Karen Graves’ study of the Florida persecution of gay and lesbian schoolteachers illuminates a civil rights crisis for GLBT educators in late 20th-century American education. The work examines an investigative committee created by the Florida legislature in 1956 by representatives from northern, rural, and conservative communities with a desire to slow school integration. In a fever of Cold War paranoia, the committee also attempted to link the NAACP with the Communist Party, to identify “homosexual influence” and Communist activities in the newly-established University of South Florida (USF), and most of all, to purge Florida schools of gay and lesbian teachers.

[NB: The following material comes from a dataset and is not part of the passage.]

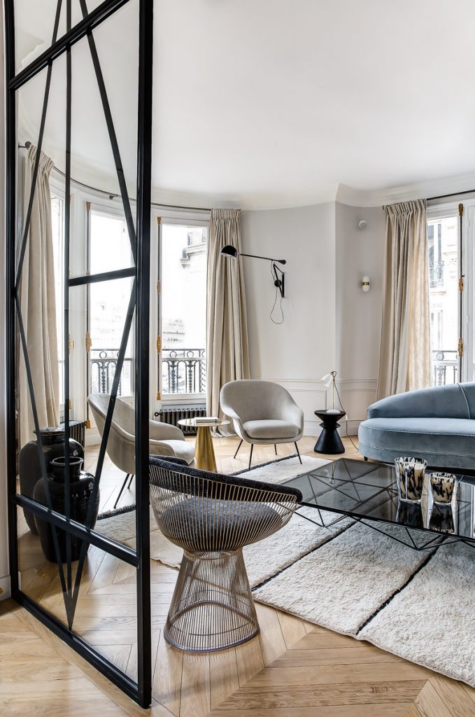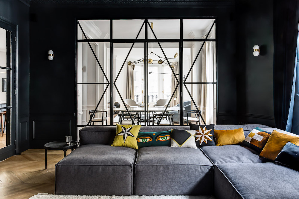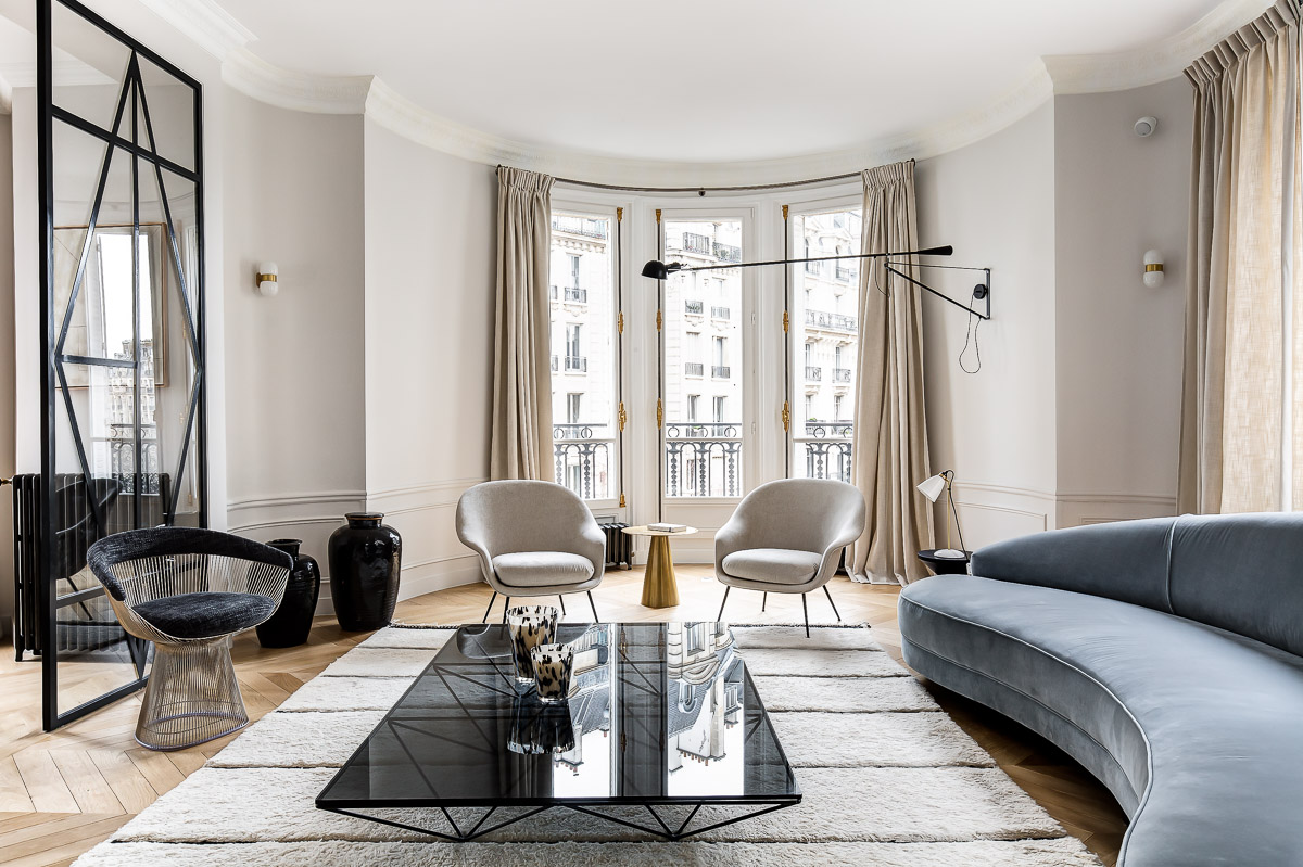 Pour le salon de réception, nous avons voulu l’ouvrir au maximum pour l’intégrer dans cette belle pièce de vie. Ainsi, nous avons supprimé le mur porteur entre la cuisine à gauche et le salon en créant une séparation visuelle avec cette belle verrière aux lignes graphiques, réalisée sur mesure par notre agence. Les lignes graphiques s’associent en finesse avec du mobilier tout en courbe comme ce sublime canapé de chez Phcollection.

Gay and lesbian teachers had no organizational support, such as the NAACP and the university faculty. The Florida Education Association and the state board of education shared the Investigation Committee’s agenda against homosexual teachers, and made only token efforts to uphold due process. And though the NAACP and USF were able to force the Investigation Committee to make hearings public, thus curbing some civil injustices, schoolteachers were coerced into private interviews without legal counsel—after which they lost their jobs and teaching certificates.
This is a compelling analysis of a pivotal moment in American history, reminding us that education is central to the evolution of society, and the acceptance (or at least civil rights) of gay and lesbian teachers is a critical aspect of GLBT liberation.